UKIP’s National Executive Committee (NEC) has declared UKIP MEP and leadership favourite Steven Woolfe “ineligible” to stand in the up-and-coming contest.
The NEC claimed he is “ineligible as a result of a late submission”. It has also been claimed that he failed to renew his party membership and to declare a drink driving conviction when he stood and a Police Crime Commissioner in 2012.
Two of the three voting members of the NEC selected for the panel have expressed private opposition to Mr Woolfe’s candidacy, according to sources close to Mr. Woolfe, and some members are accused of having private connection to rival candidates.
Three other members of the NEC – Victoria Ayling, Mick McGough and Ray Finch – have promptly resigned in protest of Mr. Woolfe being blocked.
In a joint letter, they said members of the NEC had placed “personal ambitions, loyalties and jealousies at the heart of their decision-making” and displayed an “escalating megalomania”.
Mr. Woolfe claimed in a statement that the NEC “has proven it is not fit for purpose and it has confirmed many members fear that it is neither effective nor professional in the way it governs the party.
“The NEC panel have even accepted they were wrong to raise questions of my membership of the party, as I have been a full member since 2011”.
He also said that “highly confidential information about me held in party documents has been leaked to the press and the NEC have not sought to investigate this gross breach of privacy” and “the NEC’s treatment of Nathan Gill over the past two weeks has also been totally unacceptable”.
“If I were on the ballot, I would have fought to reform the internal structure of UKIP including the NEC. UKIP must professionalise and it cannot do that with an unfit NEC”, he added, concluding: “Although I am out of the contest I wish the other candidates well and hope they can show UKIP has a positive, inclusive, patriotic vision for Britain.”

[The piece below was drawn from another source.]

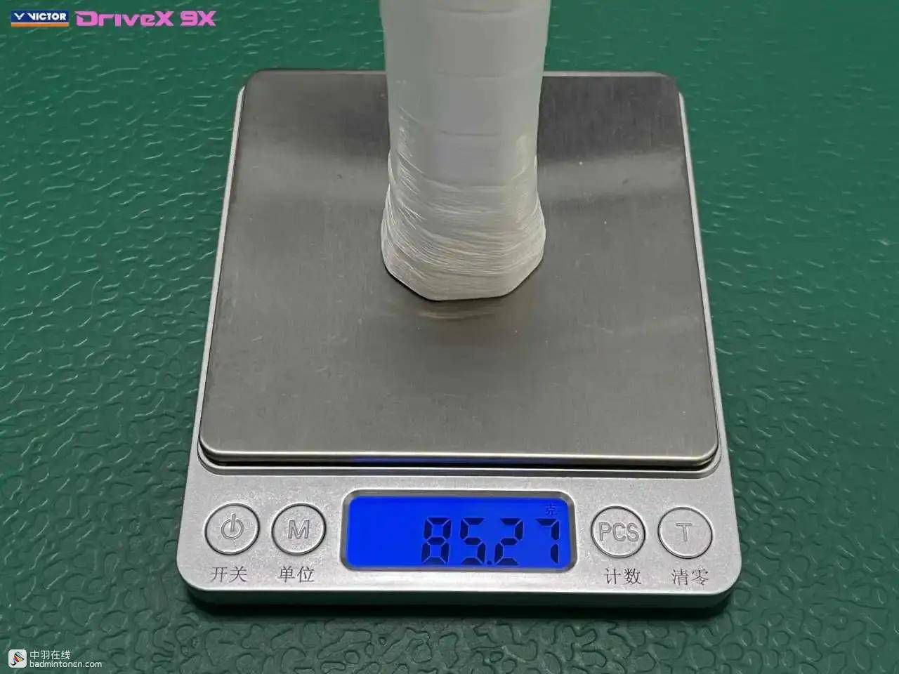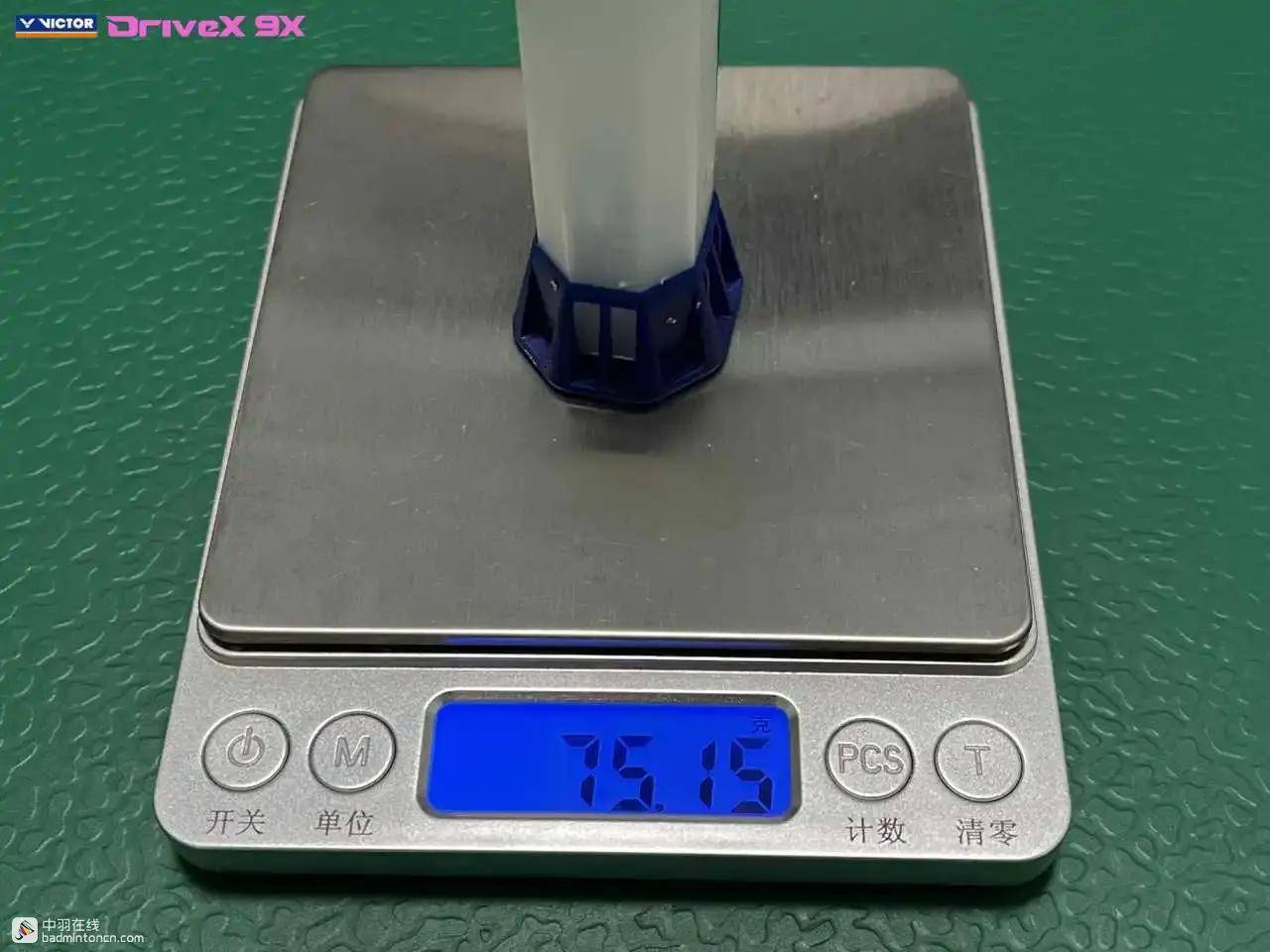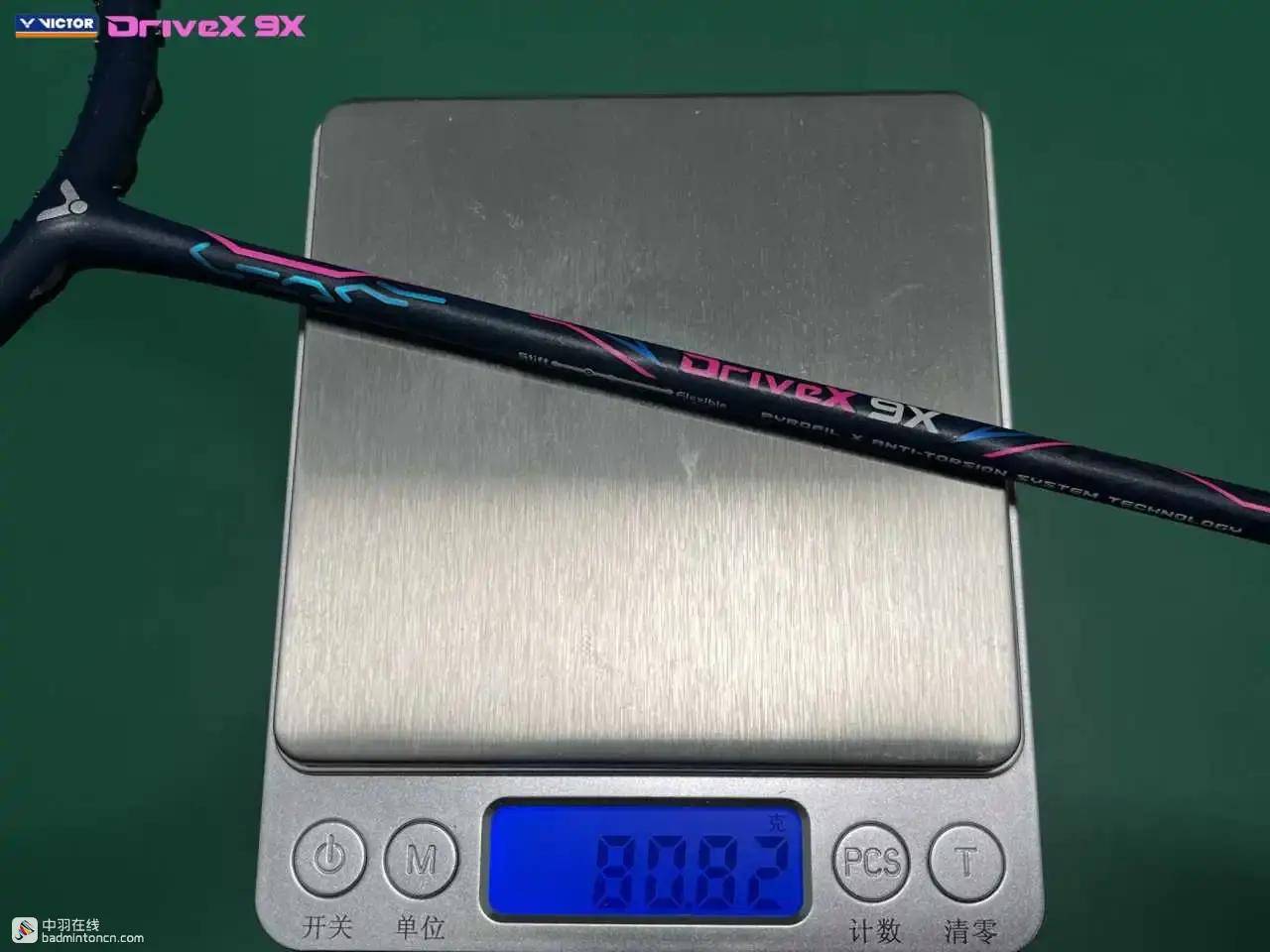 笔者手中的这支DX-9X规格为4U/G5,是蓝色底盖、非透明锥盖的早期版本,空拍带底胶状态下重约80.82g,平衡点约为303mm。

Those who were allowed on the ballot are Diane James, the new frontrunner and a former parliamentary candidate, Bill Etheridge, an MEP, Elizabeth Jones, a deputy chairman of UKIP’s Lambeth branch, Jonathan Arnott, also an MEP, Lisa Duffy, a party organiser, and Phillip Broughton, a former candidate.
Mr. Woolfe, the party’s migration spokesman, became an MEP for the North West in 2014. He has long been seen as the strong favourite to replace Nigel Farage. As a working class lawyer from the North of England, it is thought he can reach out to both ex-Labour voters in the North and Southern Tory voters.

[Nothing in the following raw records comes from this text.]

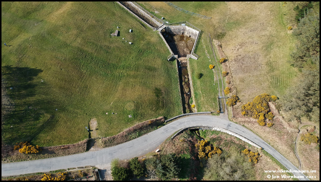 A vertical view of where the road crosses a young Silverburn River on a narrow and tight bend.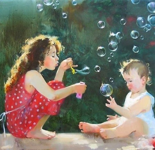 “Sabun köpükleri üfüren çocuklar”
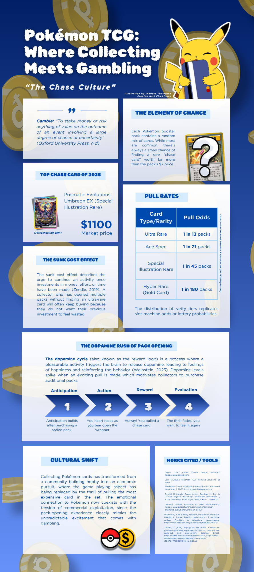 After creating my own, I have begun to truly appreciate infographics as a medium for conveying information and simplifying nuanced topics in ways that are easy to understand for those who may not have high levels of data literacy. Additionally, this process made me consider how design reflects cultural context, as familiar Pokémon imagery and colors influence how fans and collectors interpret information. As a student who enjoys incorporating creativity into my academic work, I feel that visualizations as a method of learning are no less effective than scholarly articles or research papers.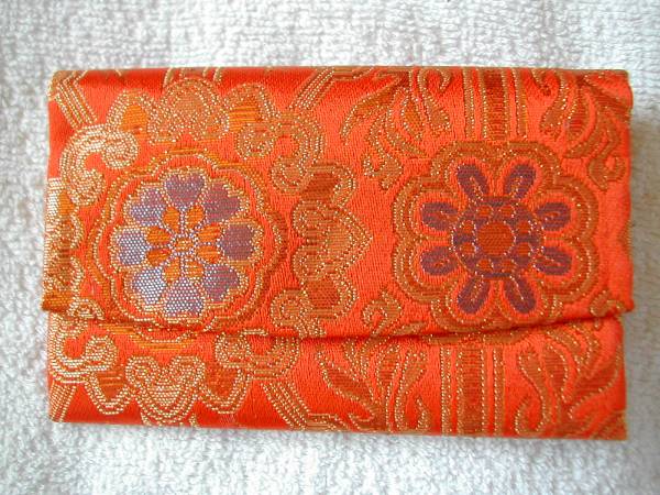 - 手作り 金襴カードケース 名刺入れ 保険証入れ (橙金)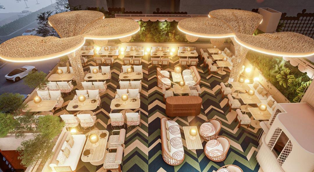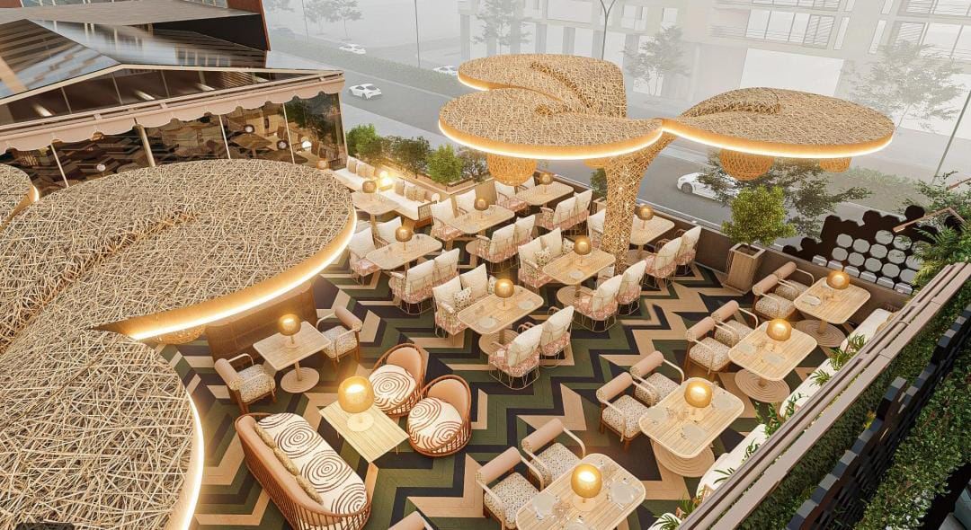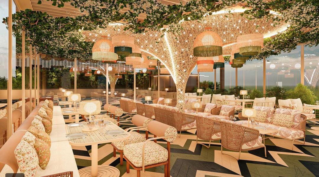 The semi-outdoor and outdoor areas of Skoya offer a seamless connection between architecture and nature. Surrounded by greenery, natural textures, and open skies, these spaces were designed to evoke calm, warmth, and effortless flow. Whether under soft shade or open air, every corner invites guests to relax, dine, and disconnect — all above the cityscape of Starco Downtown.

The decision comes after UKIP MEP Victoria Ayling claimed last night that there is “a coup attempt via the NEC by Carswell/Hamilton” to keep leadership favourite Steven Woolfe MEP off the ballot paper.
UKIP donor Aaron Banks levelled the same allegation this morning.
Mr. Woolfe says IT problems meant that he missed the midday deadline to submit his candidacy forms by 17 minutes. He has since produced email evidence suggesting the £5,000 application fee was paid in time.
He told the BBC Radio 4 Today this Monday: “I did feel like I was in a scene from Little Britain’s ‘computer say no’. But at 11.35am yesterday I managed to be on the phone with my bank to prove that the £5,000 had been transferred over.”
The problems demonstrated why UKIP “really do need to professionalise”, he said.
Asked if he would pursue legal action if his application was rejected, he replied: “I hope it wouldn’t come to that. Hopefully they recognise that everybody in the country now sometimes looks at their computer screens and screams at it when something is not working, but we have a system in place that didn’t seem to work properly that day.”